• DATA EXTRACT
----------------------------------------
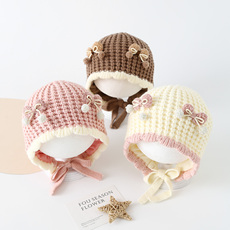 女宝宝帽子秋冬款蕾丝花边针织护耳帽洋气女童保暖毛线系带宫廷帽
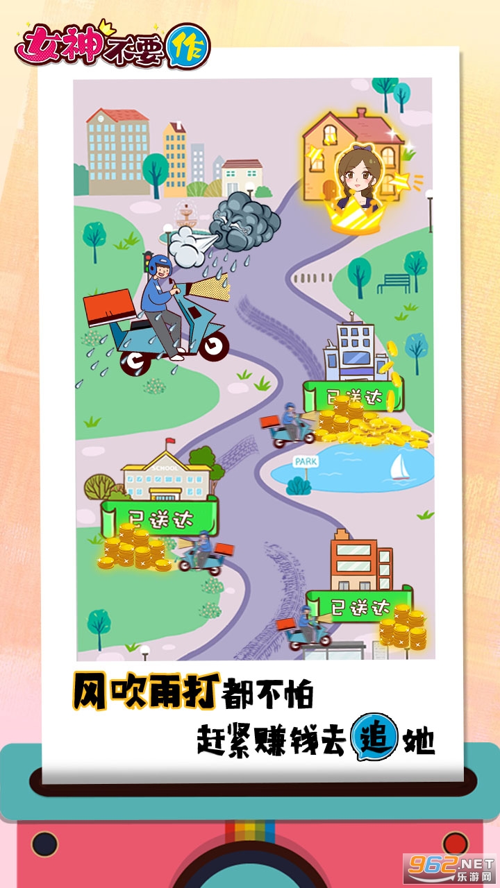 为了博得女神欢心,努力赚钱买东西讨好她自然是少不了的,赶紧骑上心爱的小摩托,直面逆境,想尽一切办法排除艰险送出外卖吧!
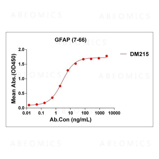 Figure 1. ELISA plate pre-coated by 1 μg/ml (100 μl/well) Human GFAP(7-66) protein, hFc tagged protein can bind Rabbit anti-GFAP(7-66) monoclonal antibody(clone: DM215) in a linear range of 1-50 ng/ml.
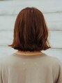 切りっぱなしボブがベースにカットし、首に沿ってくびれが出来るようセニングやレイヤーを入れ軽い質感にしたデザインです。カラーはナチュラルに艶っぽく見えるブラウン系です。前髪は無くし凛とした雰囲気を大切に作りました。
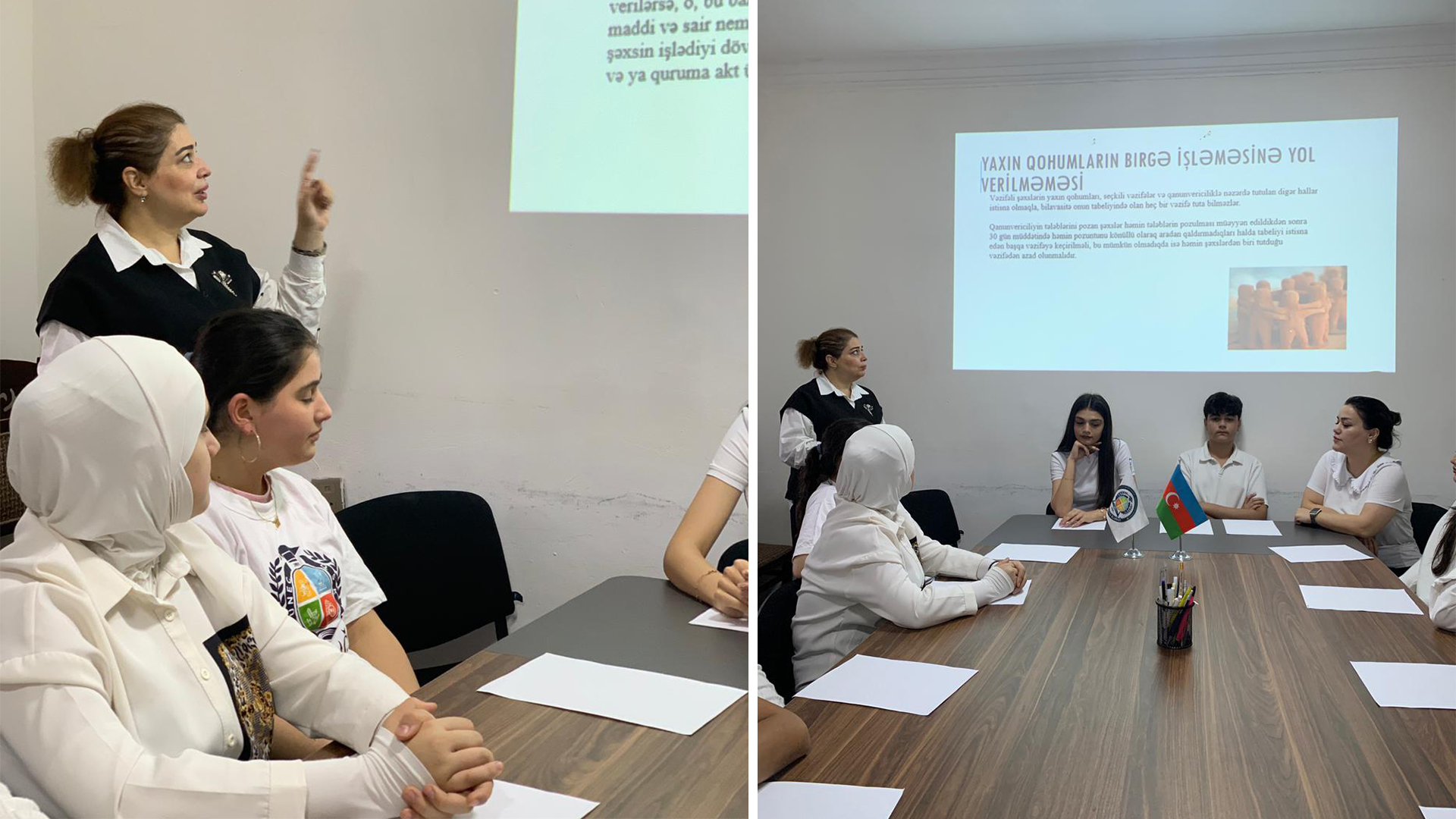 Kollecin hüquq müəllimi Məmmədova Xatirə tərəfindən “Korrupsiya və onun qarşısının alınması yolları” mövzusunda dəyirmi masa təşkil edilmişdir. Tədbirin məqsədi tələbələrdə hüquqi maarifləndirməni artırmaq, korrupsiyanın cəmiyyətə vurduğu mənfi təsirlər barədə məlumatlandırmaq və şəffaf, ədalətli mühitin formalaşmasına dəstək olmaq idi.
----------------------------------------
• AIM OF THE EXERCISE
What is needed is an exact copy of the lines from the start of the listing above through the line that holds "Figure 1. ELISA", with the pictures left out.

• TASK SOLUTION
 女宝宝帽子秋冬款蕾丝花边针织护耳帽洋气女童保暖毛线系带宫廷帽
 为了博得女神欢心,努力赚钱买东西讨好她自然是少不了的,赶紧骑上心爱的小摩托,直面逆境,想尽一切办法排除艰险送出外卖吧!
 Figure 1. ELISA plate pre-coated by 1 μg/ml (100 μl/well) Human GFAP(7-66) protein, hFc tagged protein can bind Rabbit anti-GFAP(7-66) monoclonal antibody(clone: DM215) in a linear range of 1-50 ng/ml.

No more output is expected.